Blazers. I was assuming you knew at least about fermentation and gravity.

In a nutshell,

Fermentable (juice) contains sugar. For brewing purposes, lets only talk of the Fermentable sugars.
Yeast consumes the sugar to create alcohol and releases carbon dioxide. This is the 'bubbling' talked of, also the reason Bribie suggested to leave the cap a little loose for the start. Remember, that is aimed at flexible plastic bottles. NOT glass demijohn. Use an airlock on the demijohn, do not clamp the out flowing CO2 down, airlock it.
After the yeast has consumed all the sugars it can, it will be dry. I.e., there won't be sweetness left over if you used an aggressive yeast like champagne yeast. This is why you measure gravity with a hydrometer. Do not ignore the talk above of hydrometers, please read how to brew by John palmer on this topic. He will explain what is meant by gravity and how to measure it.

Now, what I meant by taking a small sample for the hydrometer was that it is relatively harder to take samples from carboys and demijohns unless you have a wine theif.
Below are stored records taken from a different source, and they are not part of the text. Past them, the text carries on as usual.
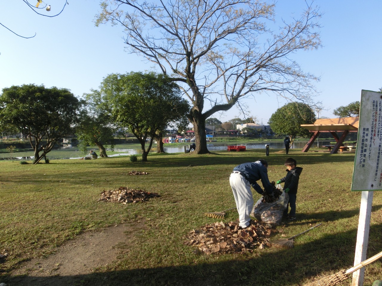 先週までの暖かい日から一変、この日は気温5℃の寒い中集まって行われました。江津湖は11月下旬ごろから本格的な紅葉・落葉のシーズンを迎え、園内の様々なところで美しい風景を楽しめるものの、その後には膨大な量の落ち葉が園路を覆います。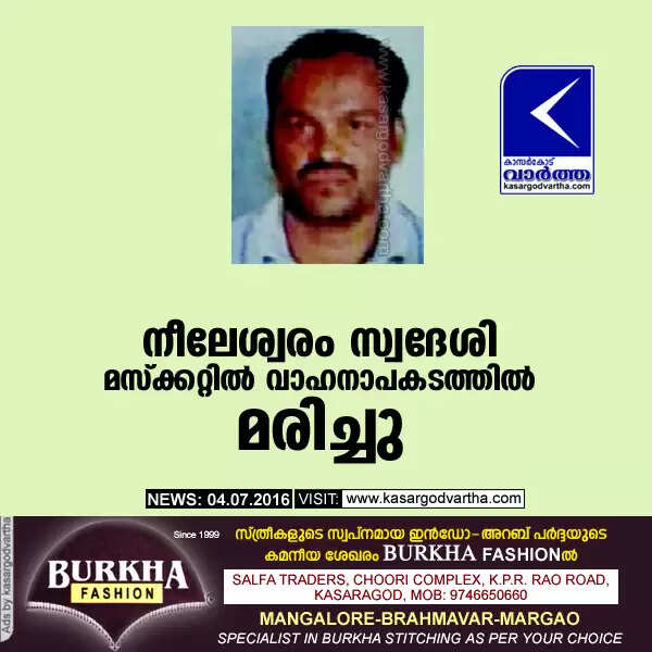 നീലേശ്വരം സ്വദേശി മസ്ക്കറ്റില് വാഹനാപകടത്തില് മരിച്ചു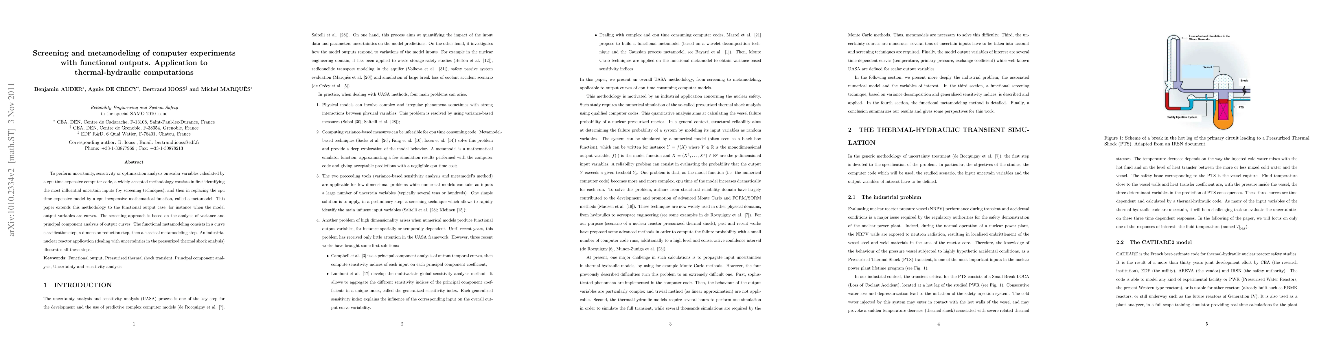 This paper proposes a methodology for screening and metamodeling computer experiments with functional outputs, extending traditional techniques to handle model outputs as curves. It employs analysis of variance and principal component analysis for screening, followed by curve classification and dimension reduction before constructing a metamodel, demonstrated through an application in thermal-hydraulic computations for nuclear reactor safety analysis.

Also, 4-4.5 L of cider and you take ~200ml sample for the hydrometer, if you took a number of readings just to be sure you'd have precious little cider left. So, that is the reason for suggesting the method I did.
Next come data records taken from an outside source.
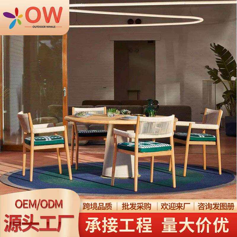 户外休闲桌椅柚木餐厅庭院露天防水防晒阳光房实木室外桌椅家具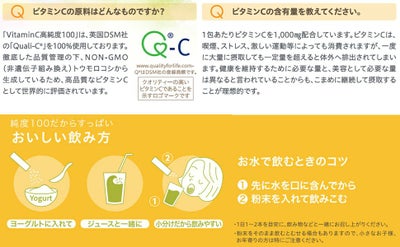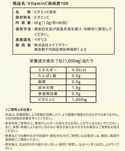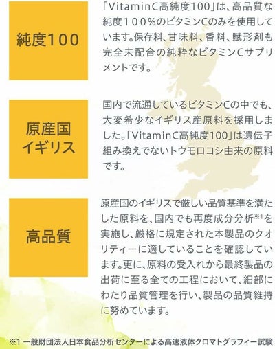 「VitaminC高純度100」は、純度100%のビタミンCのみを使用しています。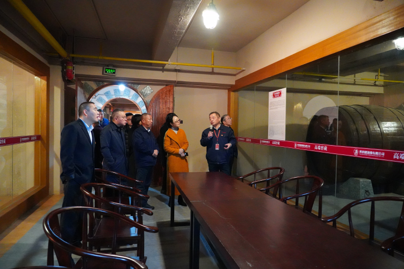 盧堅(jiān)勝一行參觀了天成坊釀造車(chē)間、名人酒窖和黨建文化館,并品鑒了黃鶴樓大清香原酒。品鑒過(guò)后,盧堅(jiān)勝對(duì)酒的品質(zhì)大加贊賞,表示“在橡木桶中儲(chǔ)存后的酒,更醇、更柔、更香,好喝。”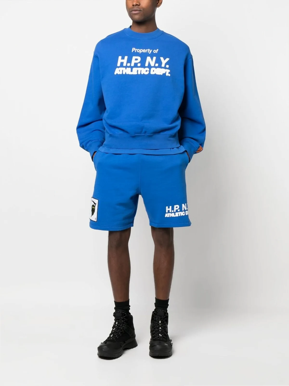 Kobaltblau, Weiß, Baumwolle, Logo-Print am Bein, Patch-Detail, Logo-Patch hinten, elastischer Bund, seitliche Eingrifftaschen.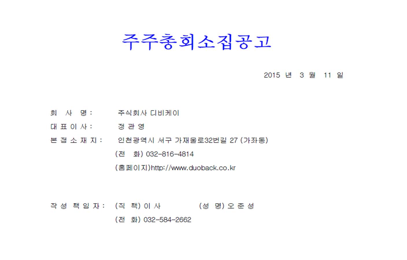 제26기 정기 주주총회 소집공고를 안내해 드립니다.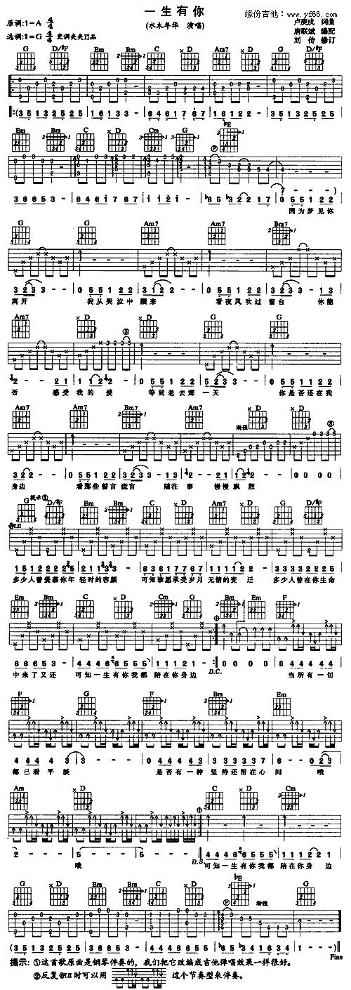 《水木年华《一生有你吉他谱》(G调)》内容来自于互联网,不能保证内容的准确性与完整性,仅供学习交流欣赏,请勿用于其它用途,内容版权归原作者及来源网站所有,如有侵犯到您的权益请来信告知,我们将及时删除。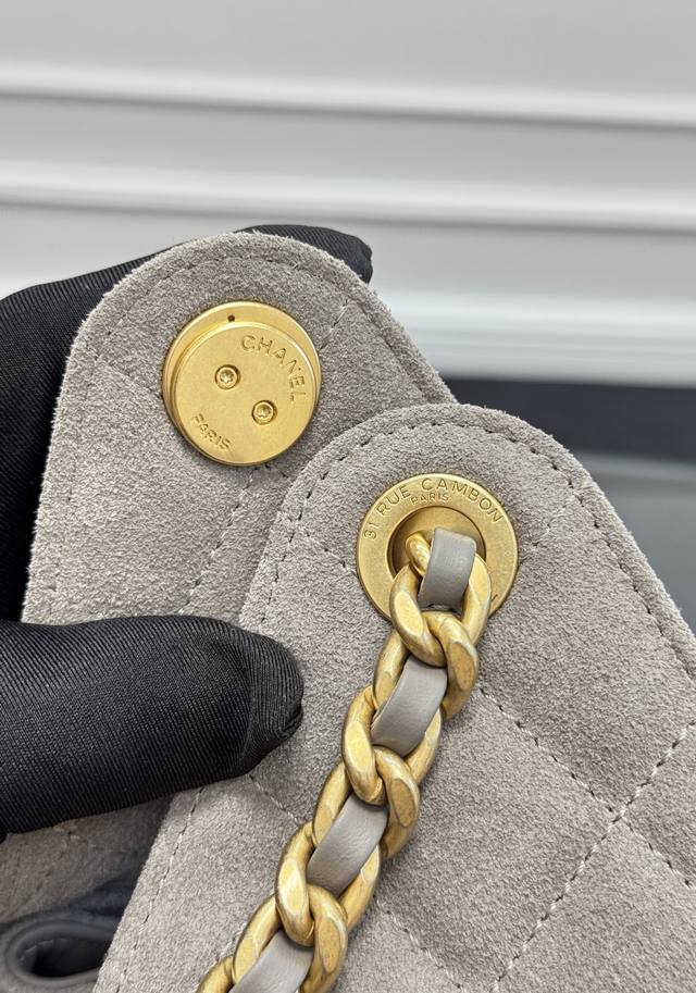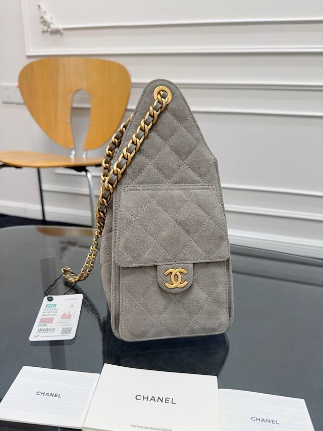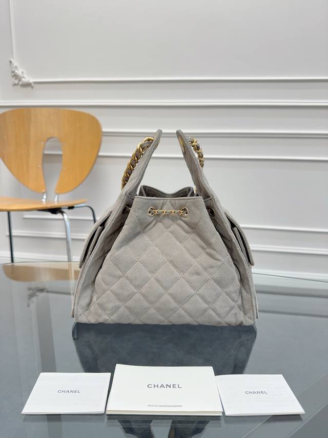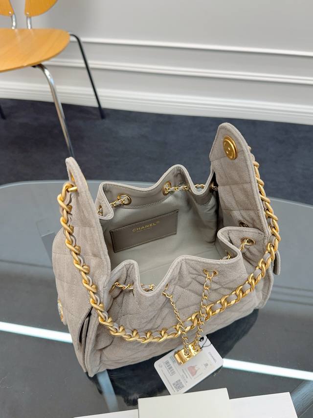 顶级货_ 法国 高端定制品 Chane1 Chanel25S 春夏Hobo抽绳水桶Mini 25Bag 复古金币纽扣抽绳水桶包+菱格纹牛皮 经典链条设计,高级感

Again, please avoid pressurising your glass demijohn. It's not meant to be and could shatter if there was any imperfections in it.
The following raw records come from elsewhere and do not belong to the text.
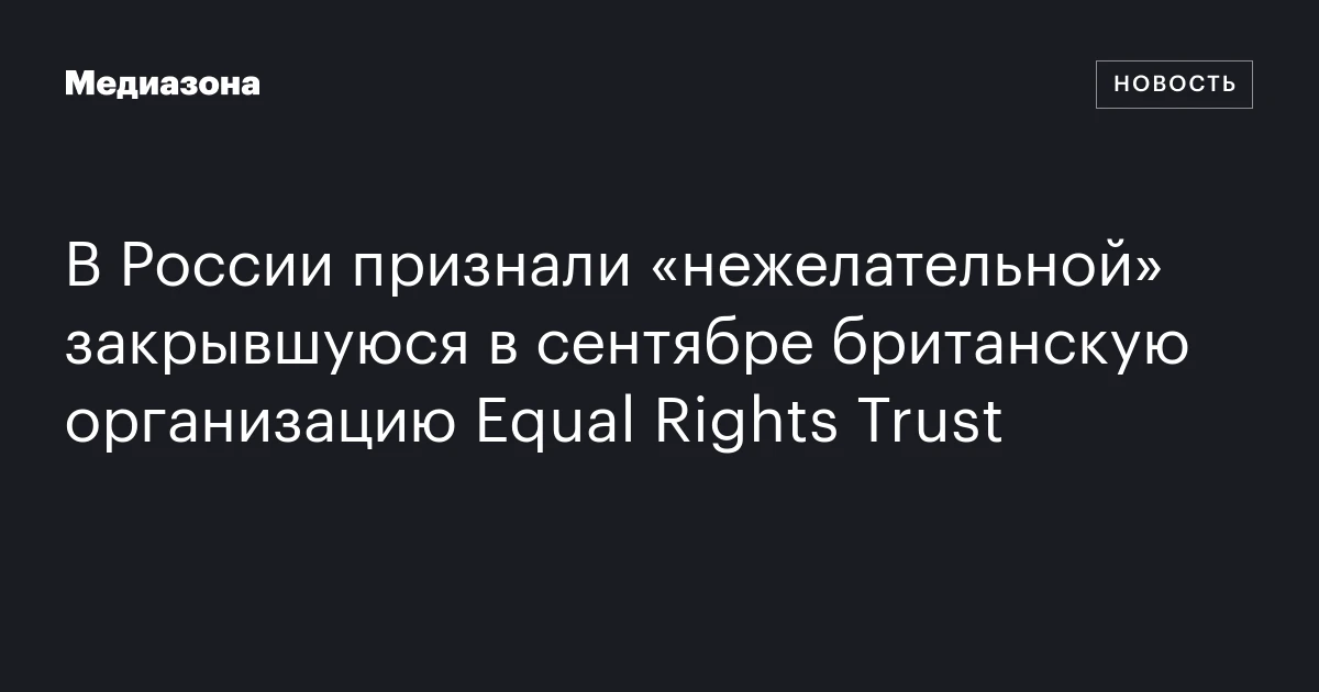 Генеральная прокуратура России объявила британскую организацию Equal Rights Trust «нежелательной»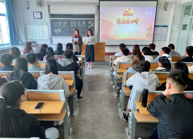 活动伊始,主持人进行简短致辞,宣读开场白,并简单介绍了近年来党的丰功伟绩,朗诵比赛也随之拉开帷幕。《祖国赞》朗出国之雄威,《党旗颂》诵出党之伟大。《以史为鉴,可以知兴替》带领同学们追忆党史,回顾那段峥嵘岁月,缅怀为中国革命建设献身的前辈们,帮助同学们了解中华民族的革命历史和自强不息的伟大民族精神。在每段朗诵结束之后,主持人都会随机邀请一名同学做出点评,以此来加深同学们对于每段朗诵的认知与感触。在同学们对峥嵘党史形成初步的概念与认知后开始进行党史影片播放。在影片播放过程中,同学们认真观看,在重要节点部分主持人会对其进行更深入的讲解,以此来丰富同学们对党史的认识,学习前辈们大无畏精神和正义的品质。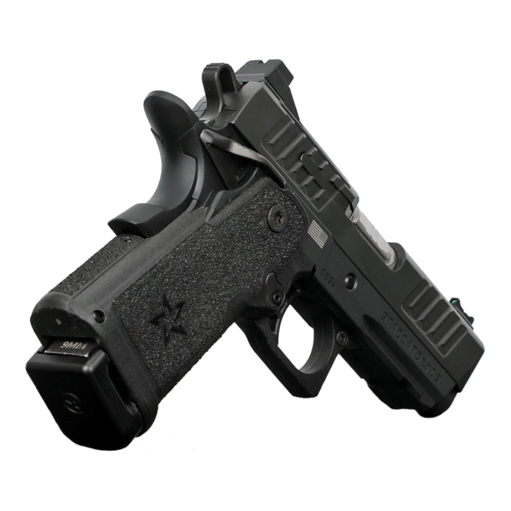 Staccato model CS to pistolet z serii heavy duty dostosowany do pracy w najtrudniejszych warunkach, zachowując precyzyjną pracę mechanizmów charakterystyczną dla tej marki. Marka Staccato wymyśliła i opatentowała platformę 2011, która różni się przede wszystkim dwurzędowym magazynkiem od pierwowzoru jakim jest 1911. Warto zauważyć, że Staccato jako jedyna firma, ma prawo do używania nazwy 2011. W modelu CS otrzymujemy dwa magazynki o pojemności 17 naboi.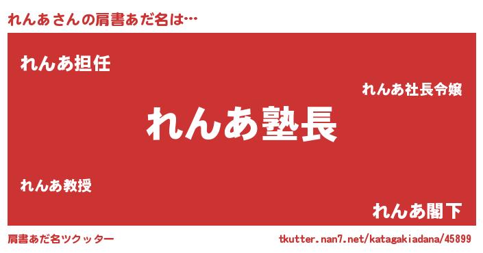 | 意味不明あだ名 | 『とにかく怪しいれんあ』『自称れんあ』 |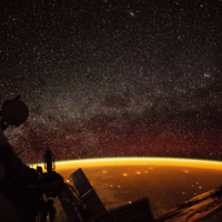 An astronaut aboard the International Space Station shot a picture of Earth from 250 miles over Australia. Airglow—the orange hue—comprises diffuse bands of light created by atoms colliding in the atmosphere near the interface of Earth and space. Studying airglow is helping scientists to understand the connections between Earth weather and space weather.
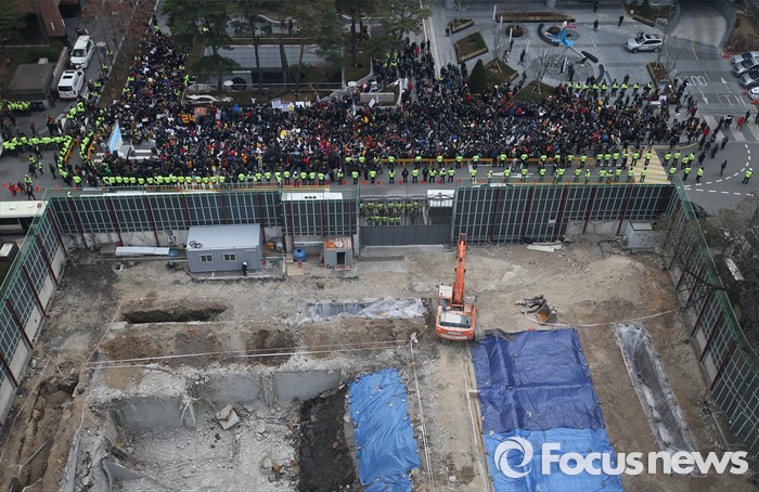 (서울=포커스뉴스) 24주년을 맞이한 일본군 위안부 문제해결을 위한 1212차 정기수요집회가 열린 6일 오후 서울 종로구 구 일본대사관 앞에서 참가자들이 집회에 참여하고 있다.

Only pressurise glass beer/cider/champagne bottles or plastic bottles. Again mate, there are enough pointers, search here/google and learn what to do.


----------



## blazers121 (15/4/13)

Thank you guys, I have just ordered everything online. I will let you know how it goes


----------



## ivars (17/4/13)

Hope this is the right place for this question. In the past I have used Champagne yeast and US05 and not really been happy with the results. Additionally I have not had any way of accurately controlling fermentation temperatures. I now use an STC1000 controller and have decided to try Vintners Harvest MA33 in the hope of reducing mailic acid. Vintners Harvest say MA33 "is a good fermenter between 18°and 27°C". I was wondering if anyone knows if it would work at a lower temperature? I am considering this because of Andrew Lea's suggestion that "a cool fermentation (ca 15° C) is generally preferred for cider". Any advice would really be appreciated.


----------



## Greg.L (17/4/13)

I'm sure it would work a bit lower, but 18c is cool enough for a good cider. Lowering the temperature further might have a slight improvement in flavour, but is your juice good enough for it to matter much?


----------



## ivars (17/4/13)

Greg.L said:


> I'm sure it would work a bit lower, but 18c is cool enough for a good cider. Lowering the temperature further might have a slight improvement in flavour, but is your juice good enough for it to matter much?


Good point. Hadn't thought about that. Thanks.


----------